The code assumes that sColumn can never contain blank values. If that is not true, the loops must be based on another column which is guaranteed to contain non-null values, otherwise they will terminate before end-of-file.

thanks to everyone, I’ll do some tests.

I forget to mention the case where no rows match the parameter - the code should also test for that, returning -1 or whatever for failure.

Ah, I misunderstood the OP. Proleric’s code is straightforward and will do what you want. I advise using that.

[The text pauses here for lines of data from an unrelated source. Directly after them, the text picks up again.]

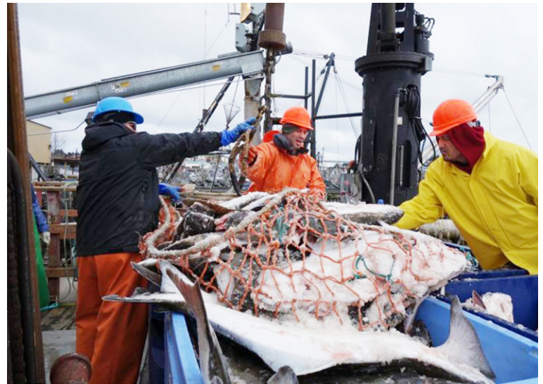
Fishermen unload halibut catch.

Acute health effects associated with marine pathogens and HAB toxins are estimated to cost almost $1 billion per year. Improved ecological forecasts will provide more time for decision-making and mitigation efforts, reducing both the costs and effects of HAB events. OCX data will also aid better predictions of when conditions will return to normal, allowing decision-makers to lift beach and fisheries closures as quickly and safely as possible.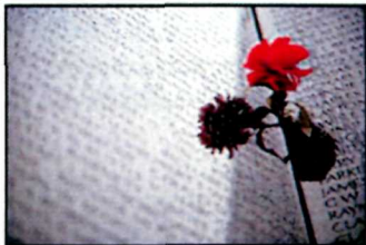
Vietnam Veterans Memorial

Lincoln City, IN http://www.nps.gov/libo/ Abraham Lincoln lived on this southern Indiana farm from ages 7- 21 (1816- 30). His mother, Nancy Hanks Lincoln, is buried there.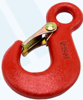
DIN 689 Lifting Hook with Safety Latch W.L.L. available from 250 Kg to 500 Kg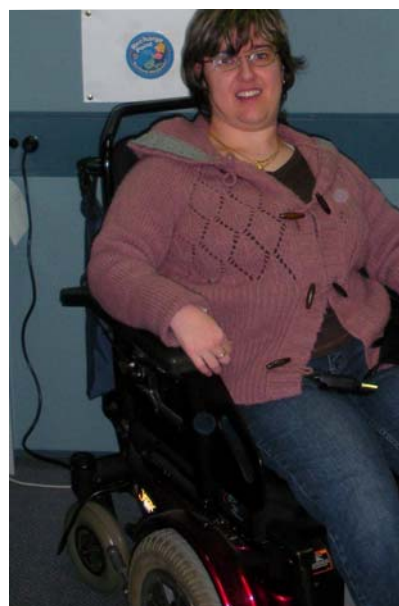
Recharging at Melton library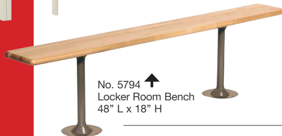
No. 5794 ↑ Locker Room Bench 48" L x 18" H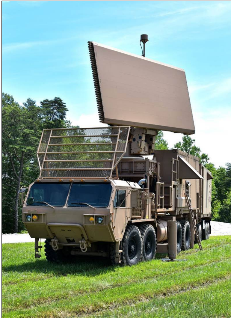
Truck-Mounted TPS-78 Radar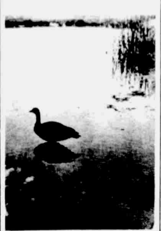
An unusually good snapshot taken in the "duck country" near Valentine.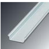
DIN rail, material: Galvanized, unperforated, height 7.5 mm, width 35 mm, length: 2 m

DIN rail - NS 35/ 7,5 ZN UNPERF 2000MM - 1206434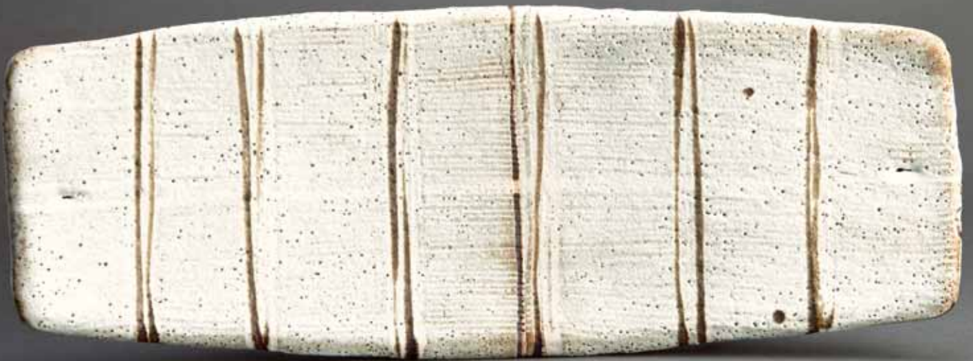
Rectangular Platter Nuka glaze with iron slip and brushwork 3.75 x 22.25 x 8.5" RJ621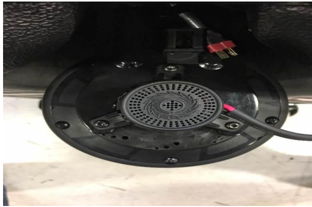
(2) Using a 3mm Allen key remove the three hex screws from the side of the motor cover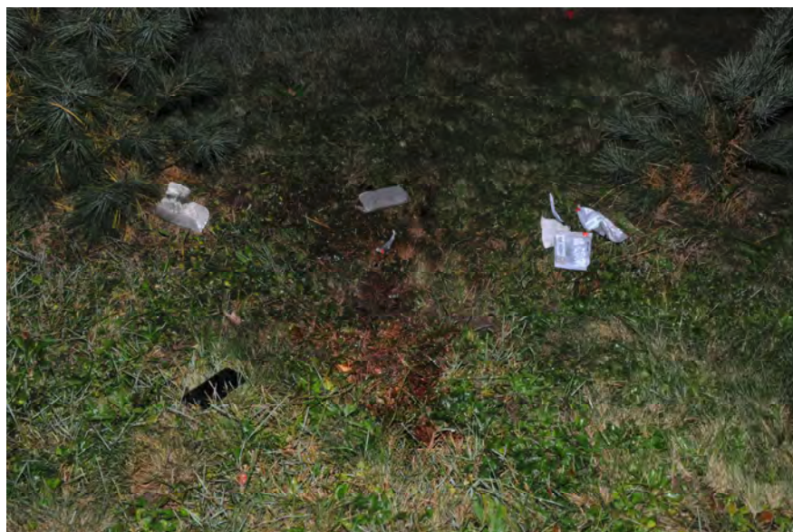
Volume bloodstain and medical packaging

This document is the property of the Ohio Bureau of Criminal Investigation and is confidential in nature. Neither the document nor its contents are to be disseminated outside your agency except as provided by law - a statute, an administrative rule, or any rule of procedure.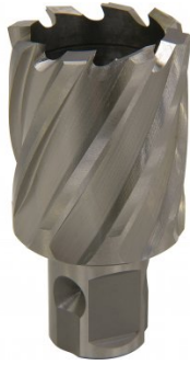
D9532 HSS Drill Broach Cutter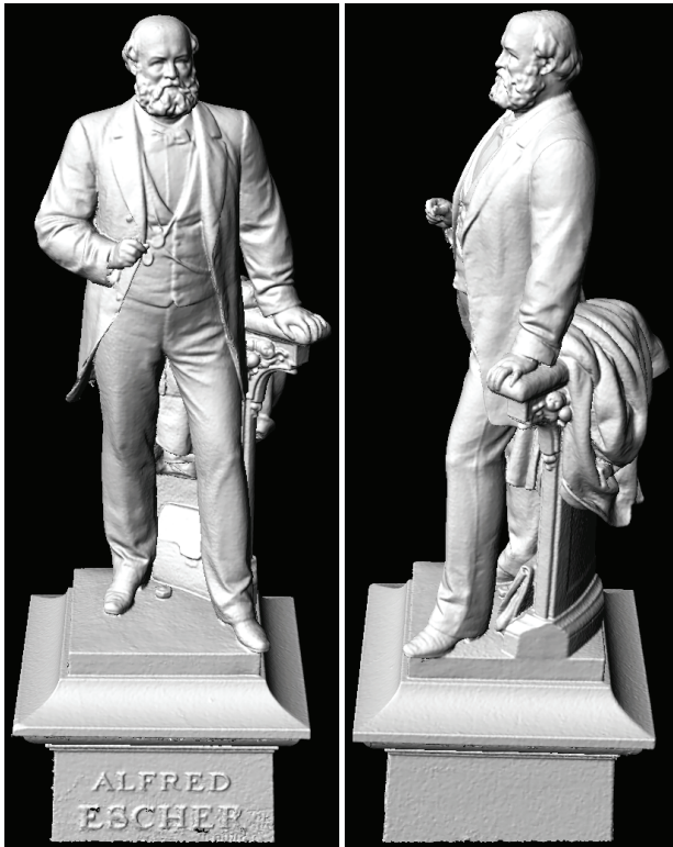
Figure 3. The final 3D model of the Alfred Escher statue.

for reading and writing is within a few milliseconds, while the memory access is within some nanoseconds. On the other hand, the memory request of the software has never exceeded 300 MB during the entire calculation.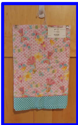
Blankets-ALL Bedding should be hung-sheets, blankets, sleeping bags, crib skirts, bumpers, curtains, etc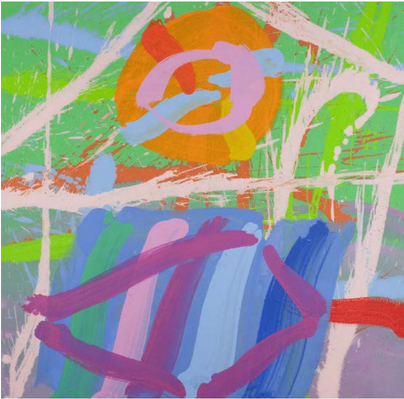
Albert Irvin, Hither II , 2007, Acrylic on canvas, 63 x 62cm

Irvin joined Gimpel Fils in 1982 they had regular, solo exhibitions of his work throughout his life.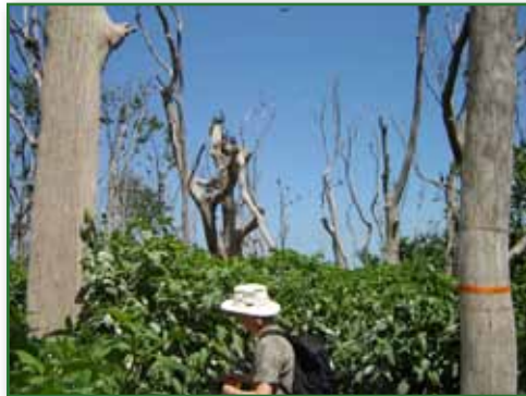
Nest counts, Middle Island.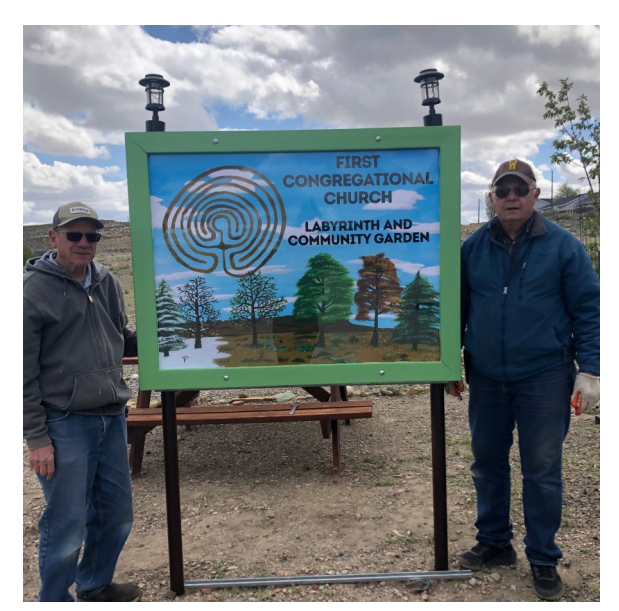
Stop by and check out our new sign for the Labyrinth & Community Garden. It is beautiful!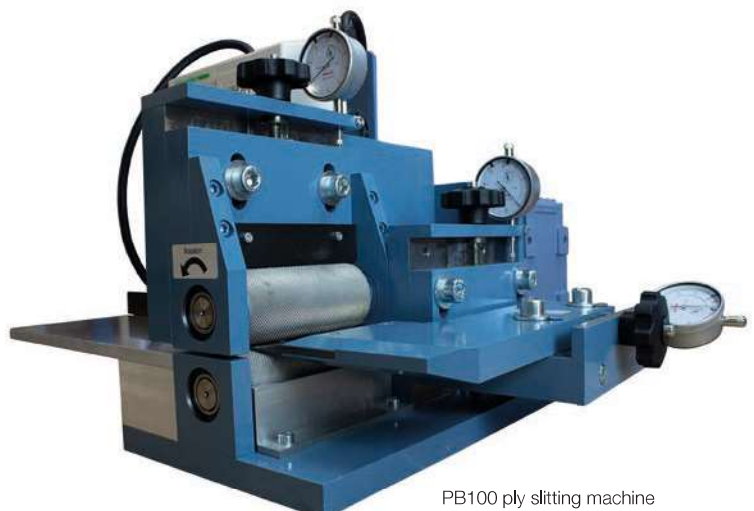
PB100 ply slitting machine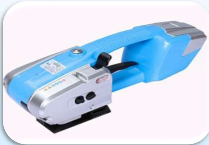
Electric Hand Strapping M/C

However, here’s an optimized but more complicated solution that only iterates the 2DA once:

int GetRandom2DARow(string s2DA, string sColumn, string sFilter) {
    int chosen = -1, matched_count = 0, i = 0;
    while (1) {
        string val = Get2DAString(s2DA, sColumn, i++);
        if (val == "") // reached end of 2da
            break;

        if (val == sFilter)
            chosen = (Random(++matched_count) != 0) ? chosen : i - 1;
    }
    return chosen;
}

the trick used here is that Random(N) == 0 has 1/N chance of changing which row is chosen, and (N-1)/N chance of leaving it. So first time you see a match, there’s a 100% chance it’ll be chosen. Next match, it’s 50/50 whether you keep the first one or switch over to the second. On average, after you’ve iterated the whole 2DA each matching row has 1/N chance of being picked.

EDIT: Fix typo (== -> !=), thanks @NWShacker!

3 Likes

Put your data in your 0 row (IE how many rows, valid items in column etc…) this will save you on multiple runs on the 2da.

@sherincall’s algorithm is the O(n) reservoir sampling with 1-element memory. If you follow the link you can see how it can be expanded if needed to sample several values in one run.

I believe however this line should be like this:

chosen = (Random(++matched_count) != 0) ? chosen : i - 1;

to match the 1/n chance to change.

Except the first one no, it’s OK :slight_smile:


If you plan to call such function multiple times, my approach would be to iterate over the 2DA once and store indexes of matching rows in smaller array, say a string like this: 1|20|40|78|120 (or values themselves if you don’t need to access other columns: foo|bar|baz).

Then just call Random on the number of delimiters (d). To reduce sampling complexity from O(d) to O(1) (read: avoid using FindSubString), consider padding the numbers to fixed width: 1xxxx|20xxx|120xx. This should have good performance to few thousands of elements.

1 Like

In fact I tried both approaches, creating a dedicated 2da, I will decide later which one is better, I thank everyone for the help you gave me.

Just FYI, accessing a cell in a custom 2DA is O(1). The very first time you do it, you have slow disc access, but all subsequent accesses are O(1) lookups. So for static arrays that don’t change it’s probably a better option than anything else.

I know it gets cached, the problem arises when you loop over it… for several items :wink: The string method is a good tier-2 cache if one is ready to write extra code (fixed element width = offset calculation = O(1) too).